Pedro Moreno, peluquero y Education Manager de Jean Louis David, lo deja claro: «Triunfan los flequillos largos y abiertos, que pueden convivir perfectamente con cabellos ondulados o rizados. También vemos versiones más gráficas, con líneas limpias y cortas, que enmarcan la mirada y aportan fuerza a cualquier look. La clave está en que el flequillo se adapte al movimiento natural del cabello, y no al revés».
Y hay un punto práctico: el flequillo es una herramienta de transformación rápida. Aporta estilo, rejuvenece y cambia proporciones del rostro sin necesidad de un corte radical. Además, hoy existen opciones postizas bien resueltas para probar antes de decidir.
Flequillo largo y abierto (tipo cortina o desfilado): más fácil de mantener, más versátil y compatible con textura natural.
Flequillo gráfico y más corto: más contundente, más de impacto, ideal si buscas un cambio visible sin tocar el resto del corte.
Qué pedir en la peluquería si quieres este look
Muy fácil, para replicar el peinado de Penélope Cruz conviene ser específica:
Un long bob a la altura de los hombros, con capas suaves y desfiladas (sin “escalones” marcados). Que la raya sea ligeramente lateral y secado con volumen en raíz. Fundamental a la hora de peinarlo con ondas tipo blow-dry, con puntas pulidas y movimiento. Y el flequillo largo abierto. El resultado final es un peinado fácil de identificar: ordenado, con brillo, con cuerpo y con un flequillo que aporta personalidad. No es una tendencia complicada, pero sí exige ejecución: buen corte y buen secado. Y eso, justo ahora, es lo que más estamos viendo en pasarela.
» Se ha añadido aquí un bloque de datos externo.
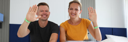 Man and woman sitting in hotel bed and waving hand to cell phone camera
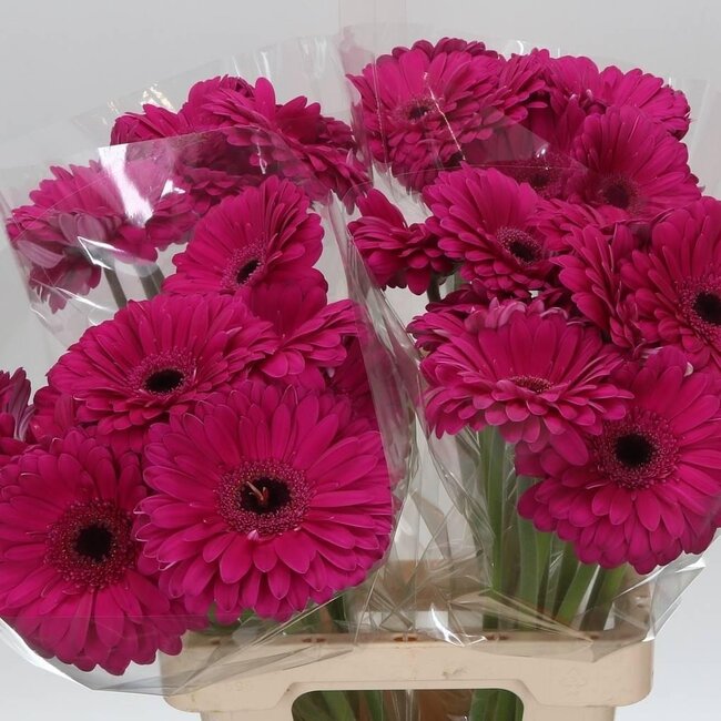 Deze vrolijke gerbera uit de Bon Dia-lijn van Freshy bursts with colour: deep red, fresh and full of character. With slender stems of approximately 65 cm and supplied in bunches of 10 stems you can quickly create a colourful eye-catcher that instantly brightens your table, windowsill or favourite vase. The large flower heads give a playful yet elegant feel and suit a variety of interior styles.

Por qué vuelve el “pelo sano” como tendencia
Lo que cambia respecto a otros años es ese aspecto de señora bien. El cabello ya no se interpreta solo como un accesorio estético, sino como un indicador de bienestar: brillo, densidad, hidratación visible. Esa percepción de “pelo cuidado” se ha convertido en una prioridad, igual que una piel luminosa o un cuerpo tonificado. En una industria donde todo va rápido, el pelo pulido se lee como una declaración de posición y control.
En el desfile de Chanel lo hemos visto claro: 2026 va a ir de cabello trabajado, con estructura y brillo, pero sin rigidez. Entre los looks del front row (con Penélope Cruz como una de las mejores representantes españolas en París), se ha repetido una idea: melenas sanas, con movimiento controlado y volumen en la raíz. Un regreso a lo “bien peinado” que no tiene nada que ver con una melena acartonada, sino con una ejecución precisa.